The Mount Abu InfraRed Observatory (MIRO) is located near the town Mount Abu in the state of Rajasthan, India. The observatory is at an altitude of 1680 metres and is adjacent to Guru Shikhar, highest peak of the Aravalli Range. The 1.2 m infrared telescope at It is the first major facility in India specifically designed for ground-based, infrared observations of celestial objects. Further the low amount of precipitable water vapour (1–2 mm during winter) at Guru Shikhar makes it a good site for the infrared telescope observations. The site has been found to be good (about 150 cloud free nights per year) for astronomical observations.

Location
The Observatory is located near Guru Shikhar, the highest peak of the Aravalli Range at an altitude of 1680 metres. Mount Abu is about 28 km from the Abu Road railway station and about 240 km from Ahmedabad. MIRO is operated by the Astronomy & Astrophysics Division of the Physical Research Laboratory, Ahmedabad.

Observation
Mount Abu has about 200 cloud-free nights of which 150 nights a year can be used for photometric observations.
It has a typical seeing of ~1.2 arcsec. Observations are closed during Indian monsoon period (Late June to mid-September).

Facilities
Mount Abu Observatory is equipped with a 1.2m Infrared Telescope along with the following back-end instruments: NICMOS Infrared Camera and Spectrograph, Imaging Fabry-Perot Spectrometer, large format optical CCDs, Optical Imaging Polarimeter and Fibre-linked Grating Spectrograph. A new high resolution optical spectrometer, PRL Advanced Radial-velocity All-sky Search (PARAS) to detect extrasolar planets using the radial velocity technique began observation in April 2012.

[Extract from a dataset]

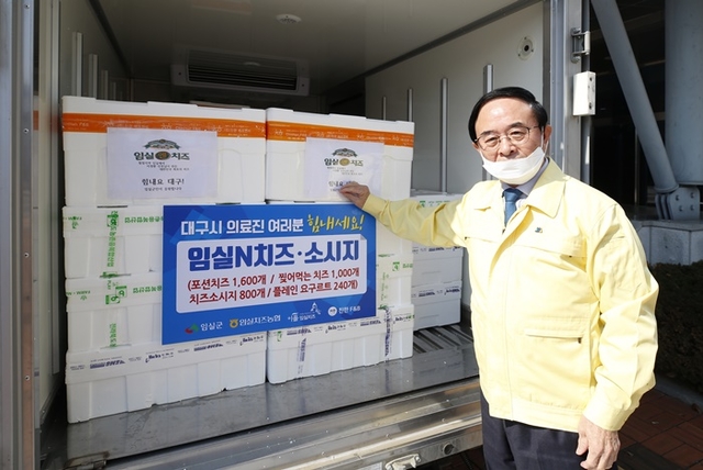 심민 임실군수는 이날 "코로나 환자를 돌보느라 대구의료진들이 너무 고생하고 있어 멀리서나마 힘을 보태고 싶다"며 2000만 원 상당의 군 대표특산품인 임실N치즈 관련 특산품을 보냈다.
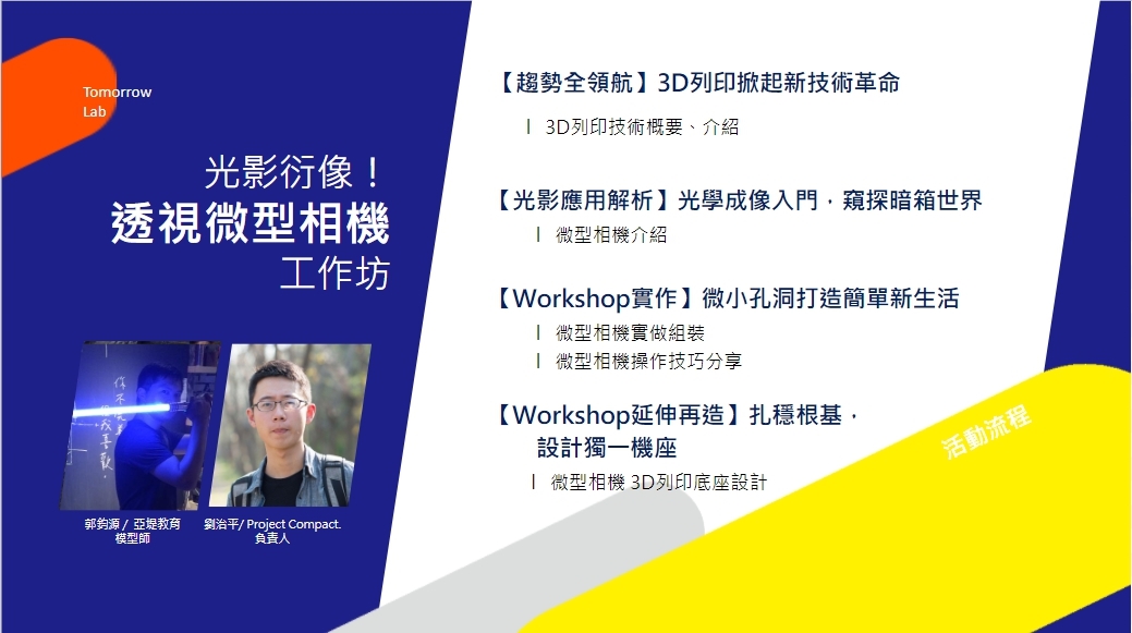 🔎光影衍像!透視微型相機工作坊 光學成像入門,微型相機自己打造!✅ 4/20(六) 13:30-17:00 ,明日實驗室 Tomorrow Lab ✅ 講師介紹: 劉治平 / Project Compact. 負責人 |

In addition to these, a 50 cm telescope, Automated Telescope for Variability Study (ATVS), is now functional to monitor variable sources, e.g. AGNs, variable stars, Comets etc. and another 43 cm telescope for ground-based photometry. MIRO has its own Aluminizing plant for polishing of the telescope mirrors, a liquid nitrogen plant for providing liquid nitrogen to cool the IR detectors to reduce thermal noise.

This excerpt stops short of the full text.